Start of DATA SECTION

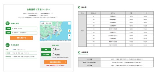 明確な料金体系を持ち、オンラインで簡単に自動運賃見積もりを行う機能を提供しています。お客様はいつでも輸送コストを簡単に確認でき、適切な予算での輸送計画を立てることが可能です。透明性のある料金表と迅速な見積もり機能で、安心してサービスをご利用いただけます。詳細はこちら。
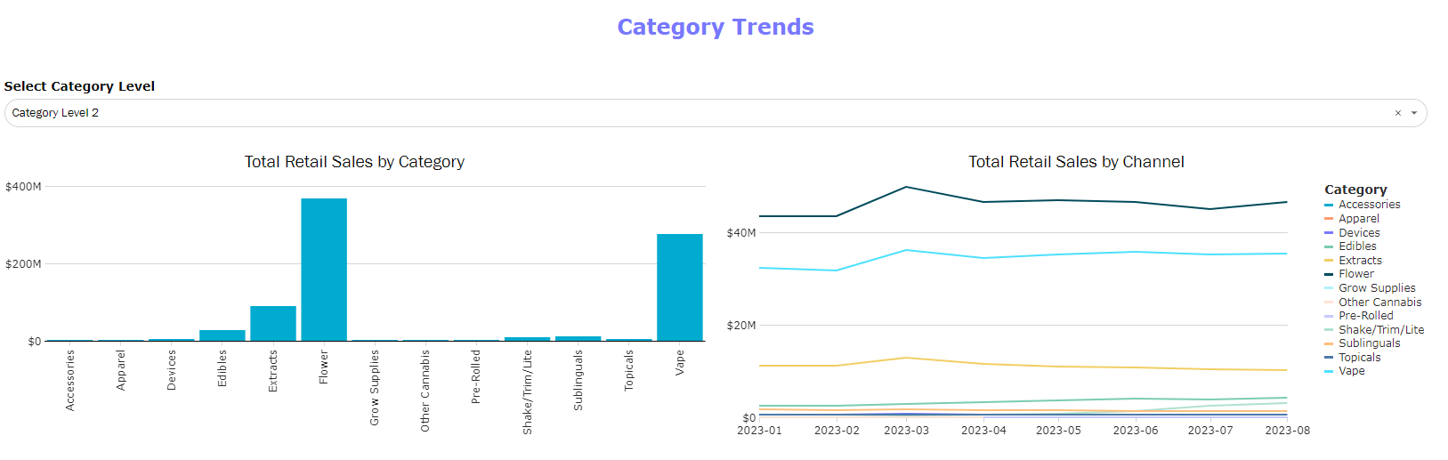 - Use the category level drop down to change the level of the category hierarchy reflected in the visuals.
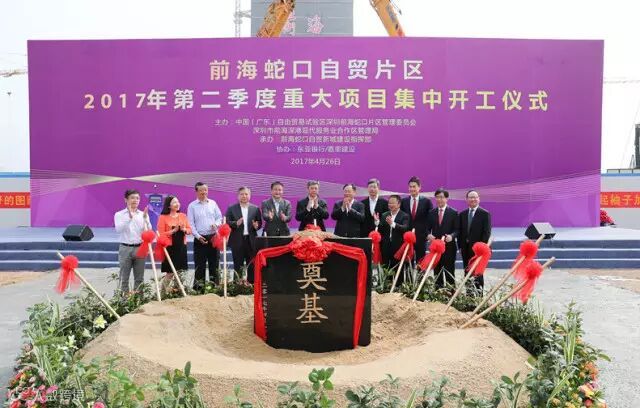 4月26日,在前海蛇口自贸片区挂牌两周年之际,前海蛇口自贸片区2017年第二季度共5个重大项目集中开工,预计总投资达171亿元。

End of DATA SECTION

▶ **TASK TO CARRY OUT**
Emit an exact copy of the lines from the line bearing "- Use the category" through the last line above, inclusive, and leave the images out.

▶ **ANSWER TO THE PROBLEM**
 - Use the category level drop down to change the level of the category hierarchy reflected in the visuals.
 4月26日,在前海蛇口自贸片区挂牌两周年之际,前海蛇口自贸片区2017年第二季度共5个重大项目集中开工,预计总投资达171亿元。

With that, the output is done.